§ Requirement
Will you write out the data exactly, excluding every picture?

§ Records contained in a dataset
☆ ☆ ☆ ☆

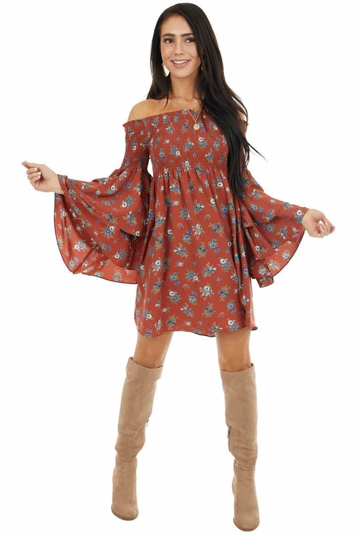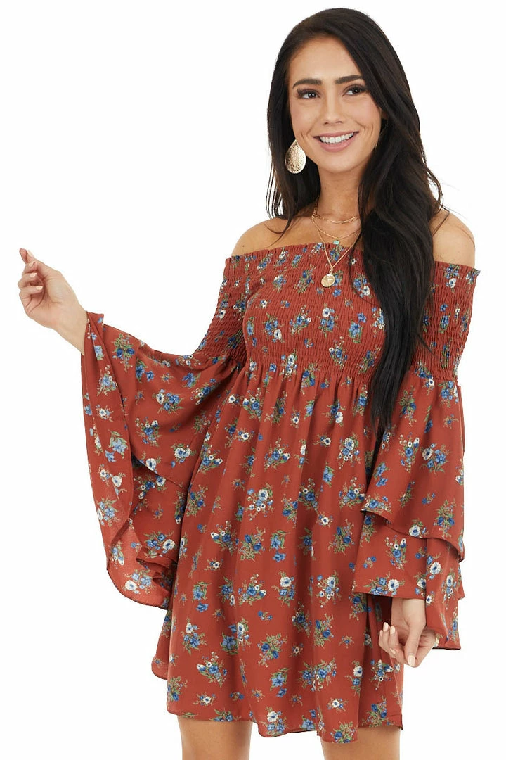 - Brick Red Floral Print Off the Shoulder Mini Dress
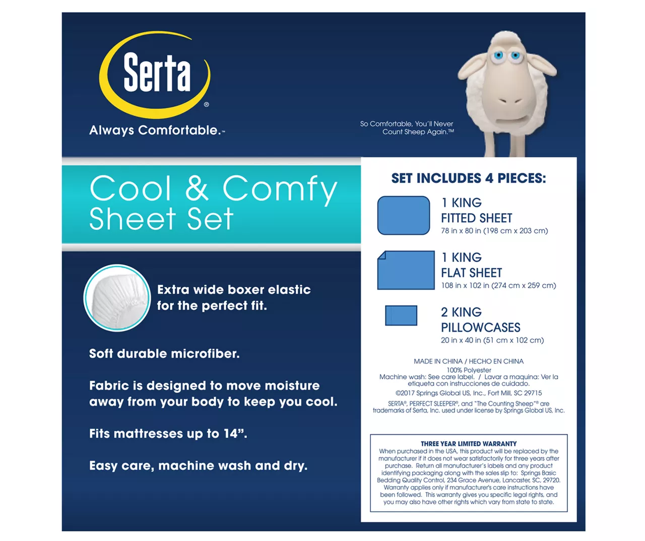 - Includes 1 – flat sheet, 1 – fitted sheet and 2 – standard pillowcases
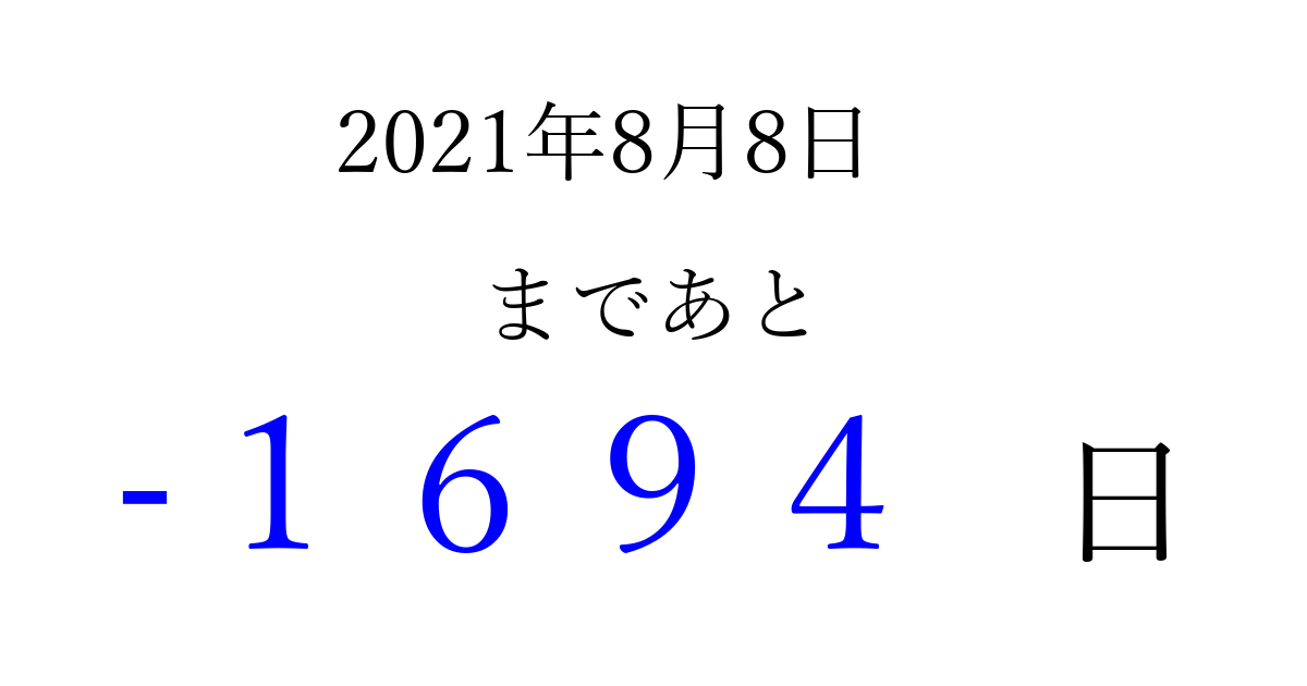 2021年8月8日(日)は もう 0000 日過ぎました 追加すると、トップページからすぐ選べるようになります ※2026/03/29現在の結果です。 最新の状態に更新する ↓シェアして、タイムライン上にカウントダウンを表示しよう!↓ 📤 この結果を共有する Tweet シェア Threads Bluesky この日は何の日?山の日 別の日付でカウントダウン 2021年8月のカレンダー このページをブックマークに追加すると、いつでもカウントダウンを確認できます。 (PC: Ctrl+D / Mac: ⌘+D) hitome-notes.comでは以下のページも運営しています。 指定日と期間から日付を計算 | ガチャ確率計算・シミュレーション | プライバシー・ポリシー 運営者:Avocado
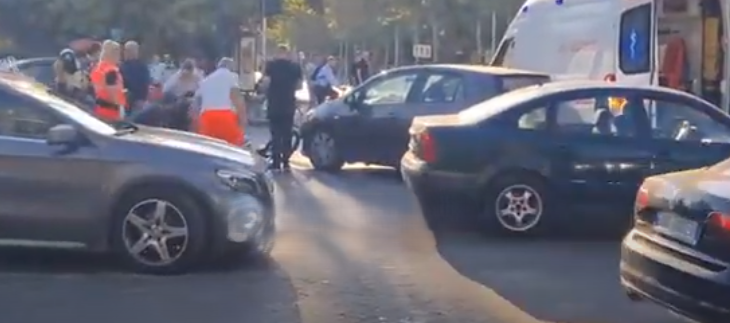 Një aksident ka ndodhur pasditen e sotme në qendër të Tiranës, pranë Piramidës, ku një biçikletë është përplasur nga një makinë.
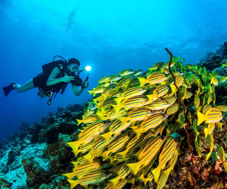 มัลดีฟส์มีจุดดำน้ำที่ดีที่สุดในโลกอยู่หลายแห่งด้วยกัน ซึ่งขึ้นชื่อว่าเต็มไปด้วยสัตว์ทะเลในท้องถิ่นที่ไม่ซ้ำใครอยู่มากมาย พาตัวคุณดื่มด่ำไปในโลกแห่งความงามที่แสนสงบและสง่างามใน Baa Atoll ไม่ว่าคุณจะเป็นนักดำน้ำมืออาชีพหรือต้องการสัมผัสประสบการณ์ดำน้ำลึก ก็ห้ามพลาดโอกาสในการสำรวจความมหัศจรรย์ของโลกใต้ท้องทะเล
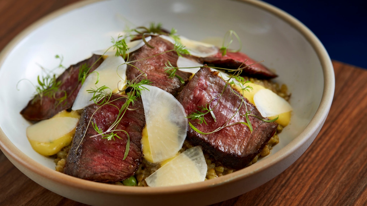 Moving on to the mains, we started with shanklish. A combination of labneh, egg yolk, heirloom tomatoes and kyuri, this dish presented a spectrum of flavours that left me feeling quite sated. Next up was the Sayadieh (fish rice), highlighting the Spanish mackerel that was enveloped in tarator sauce, and accompanied by a side of pilaf rice. Stealing the spotlight as my personal favourite was the Wagyu freekeh, parading Wagyu oyster blade with a marbling score of MB6/7, complemented by freekeh, spring peas and lime aioli.

☆ ☆ ☆ ☆

§ Output
 - Brick Red Floral Print Off the Shoulder Mini Dress
 - Includes 1 – flat sheet, 1 – fitted sheet and 2 – standard pillowcases
 2021年8月8日(日)は もう 0000 日過ぎました 追加すると、トップページからすぐ選べるようになります ※2026/03/29現在の結果です。 最新の状態に更新する ↓シェアして、タイムライン上にカウントダウンを表示しよう!↓ 📤 この結果を共有する Tweet シェア Threads Bluesky この日は何の日?山の日 別の日付でカウントダウン 2021年8月のカレンダー このページをブックマークに追加すると、いつでもカウントダウンを確認できます。 (PC: Ctrl+D / Mac: ⌘+D) hitome-notes.comでは以下のページも運営しています。 指定日と期間から日付を計算 | ガチャ確率計算・シミュレーション | プライバシー・ポリシー 運営者:Avocado
 Një aksident ka ndodhur pasditen e sotme në qendër të Tiranës, pranë Piramidës, ku një biçikletë është përplasur nga një makinë.
 มัลดีฟส์มีจุดดำน้ำที่ดีที่สุดในโลกอยู่หลายแห่งด้วยกัน ซึ่งขึ้นชื่อว่าเต็มไปด้วยสัตว์ทะเลในท้องถิ่นที่ไม่ซ้ำใครอยู่มากมาย พาตัวคุณดื่มด่ำไปในโลกแห่งความงามที่แสนสงบและสง่างามใน Baa Atoll ไม่ว่าคุณจะเป็นนักดำน้ำมืออาชีพหรือต้องการสัมผัสประสบการณ์ดำน้ำลึก ก็ห้ามพลาดโอกาสในการสำรวจความมหัศจรรย์ของโลกใต้ท้องทะเล
 Moving on to the mains, we started with shanklish. A combination of labneh, egg yolk, heirloom tomatoes and kyuri, this dish presented a spectrum of flavours that left me feeling quite sated. Next up was the Sayadieh (fish rice), highlighting the Spanish mackerel that was enveloped in tarator sauce, and accompanied by a side of pilaf rice. Stealing the spotlight as my personal favourite was the Wagyu freekeh, parading Wagyu oyster blade with a marbling score of MB6/7, complemented by freekeh, spring peas and lime aioli.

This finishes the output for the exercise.